Thomas A. PANNIER, Petitioner,
v.
Louie L. WAINWRIGHT, Etc., Respondent.

No. 82-1440.

District Court of Appeal of Florida, Fifth District.

December 15, 1982.

Thomas A. Pannier, in pro. per.

Enoch J. Whitney, Gen. Counsel, Florida Parole & Probation Commission, Tallahassee, for respondent.

COBB, Judge.

The petitioner, Pannier, seeks habeas corpus relief, alleging in his petition that the Florida Parole and Probation Commission (FPPC) has illegally added an aggravation factor in determining his presumptive parole release date. He contends that the Commission originally established his presumptive parole release date without any aggravating factors, and thereafter added such a factor without a written statement *534 as required by section 947.172(3), Florida Statutes (1981), and without good cause, contrary to section 947.173(3). Pannier argues that the only explicitly stated exceptions to the binding effect of a presumptive parole release date, once set, are: (1) institutional misconduct and (2) new information not available at the time of the initial interview. See Jenrette v. Wainwright, 410 So. 2d 575 (Fla. 3d DCA 1982). As Pannier computes his time, excluding consideration of the aggravation time, he maintains he should have been paroled more than four months ago and is entitled to the issuance of a writ of habeas corpus.

This court ordered a response to the petition. That response has not come from Louie Wainwright, as custodian of the petitioner, but from the FPPC, together with a motion from the Commission to be joined in the cause as an indispensable party. For reasons hereinafter explicated, we grant the motion for joinder and consider the proffered response from the FPPC.

The FPPC response notes that Pannier previously has enjoyed full appellate review of the action by the FPPC which he seeks to challenge here by habeas corpus. See Pannier v. FPPC, No. XX-207 (Fla. 1st DCA Nov. 10, 1981). We would be justified in denying the instant petition on the ground that habeas corpus cannot be used to review matters reviewed or reviewable by appeal. Hargrave v. Wainwright, 388 So. 2d 1021 (Fla. 1980). Moreover, this is the second attempt at habeas corpus relief by petitioner in this court. In Pannier v. Wainwright, No. 82-1121 (Fla. 5th DCA, Sept. 1, 1982), we denied his habeas corpus petition seeking immediate relief on allegations similar to those in the instant petition. Therefore, as urged by the respondent, FPPC, this petition is barred by the principle of res judicata. See Faverbo v. Cochran, 128 So. 2d 884 (Fla. 1961).
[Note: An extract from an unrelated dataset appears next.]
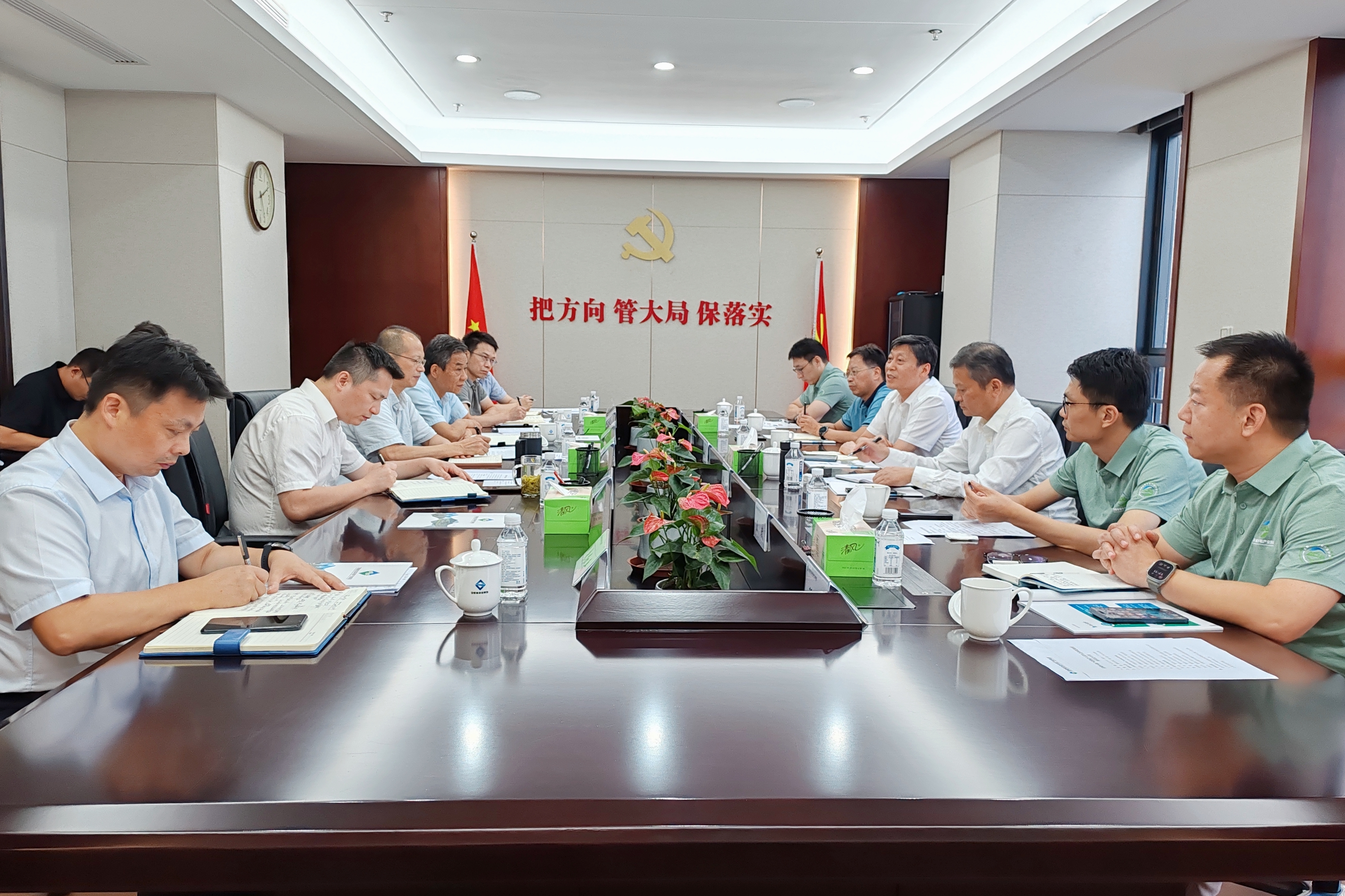 省生態環境廳原二級巡視員許建,集團黨委委員、副總經理李明(主持總經理辦公會),集團黨委委員、副總經理繆磊,省經濟研究院副院長蔣旭東,以及雙方有關部門負責同志參加會議。

The petitioner has relied strongly on our opinion in the case of Taylor v. Wainwright, 418 So. 2d 1095 (Fla. 5th DCA 1982). Therein, we granted habeas corpus review of an allegedly erroneous computation of a presumptive parole release date by FPPC and ordered release of the petitioner. In Taylor we requested a response to the sworn petition and the custodian, Wainwright, filed a motion to dismiss primarily directed to the question of proper parties. No response was forthcoming, either from the Secretary of the Department of Corrections, the named respondent, or from FPPC as an intervenor, directed to the substantive allegations of the petition. There was no negation of the factual allegations of Taylor's petition and assertion of his right to immediate release.

To the extent that Taylor may imply that the proper procedural attack upon the computation of a presumptive parole release date is by habeas corpus, we recede therefrom and reaffirm our holding in Hardy v. Greadington, 405 So. 2d 768 (Fla. 5th DCA 1981), that the appropriate remedy for challenging presumptive parole release dates is by a writ of mandamus directed against the FPPC. See also Moore v. Fla. Parole & Probation Commission, 289 So. 2d 719 (Fla. 1974). Habeas corpus would be the proper remedy only after an effective parole release date established pursuant to sections 947.174(6)(b) and 947.18, Florida Statutes (1981), has passed. Cf. Demar v. Wainwright, 354 So. 2d 366 (Fla. 1977), cert. denied, 436 U.S. 962, 98 S. Ct. 3082, 57 L. Ed. 2d 1129 (1978). We agree with the Third District that there can be no administrative appeal from the determination of a presumptive parole release date. Roberson v. Fla. Parole & Probation Commission, 407 So. 2d 1044 (Fla. 3d DCA 1981).

For the foregoing reasons, the petition for writ of habeas corpus is DENIED.

ORFINGER, C.J., and COWART, J., concur.